Why We Need Unions in Teaching

When I was a rookie teacher, I didn’t really understand the purpose of the union. But, I joined because my college professors told me I’d better if I wanted to work in the state. In my second and third years of my career, though, the union became valuable beyond measure when a rogue principal demanded my participation in the character assignation of a colleague.

Several of us had congregated in the main office to use the copy machine when an agitated kid appeared in the office. He’d obviously been kicked out of class and was upset. He was waiting for the VP to discipline him but the VP was out of the building. Another teacher came in and told the kid to have a seat. He refused. They went back and forth, with the teacher saying the same thing over and over, go sit down. It escalated to yelling, but the script never altered. Talk about awkward. None of us stepped in because we all assumed the teacher was the one who’d sent the kid to the office. Eventually, a guidance counselor came and took the kid to into her office to settle down. It got out of hand quickly with the kid making harassment allegations against the teacher to the principal and the principal taking that opportunity to start the removal process for that teacher with whom he’d had trouble in the past.

When the rest of us caught wind of what was going on, we told the boss what really happened, but he was not interested. I, being naïve, thought, well, all I have to do is take him aside and explain what really happened and then he’ll fully understand and this will stop. Well, I started to tell him and he cut me right off and stepped in close to me and all pretense of warmth and collegiality disappeared from his face and he said, I didn’t have tenure and it was my word against his and he was telling people that I told him that that teacher DID say what the kid alleged and there was nothing I could do about it if I wanted to keep my job and he walked away.
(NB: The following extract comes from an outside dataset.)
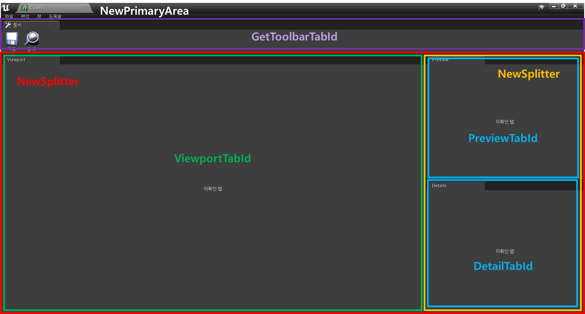 FTabManager의 NewStack 함수로 요소를 추가할 공간을 만들고, 그안에 SetSizeCoefficient 함수로 배치될 비율을 설정한 뒤, AddTab 함수로 추가할 탭의 속성을 초기화하였다.

I was stunned. I stumbled back to my classroom in total shock. When I told a colleague what happened, she immediately said, “You need to talk to the union”.

As a society we are over fond of using the word crazy. “He’s crazy or that lady is nuts!” we say. That was everyone’s first reaction to this story, to deem the guy crazy. But we don’t mean that they are actually mentally ill, what we really mean is that their behavior is inexplicable. I wasted many confused hours trying to understand why someone would be willing to behave that way in order to get what they wanted; I was new to ruthlessness. But not the union rep. He was unfazed and calmly walked me through the do’s and don’ts of working in a place where your boss has declared war on you.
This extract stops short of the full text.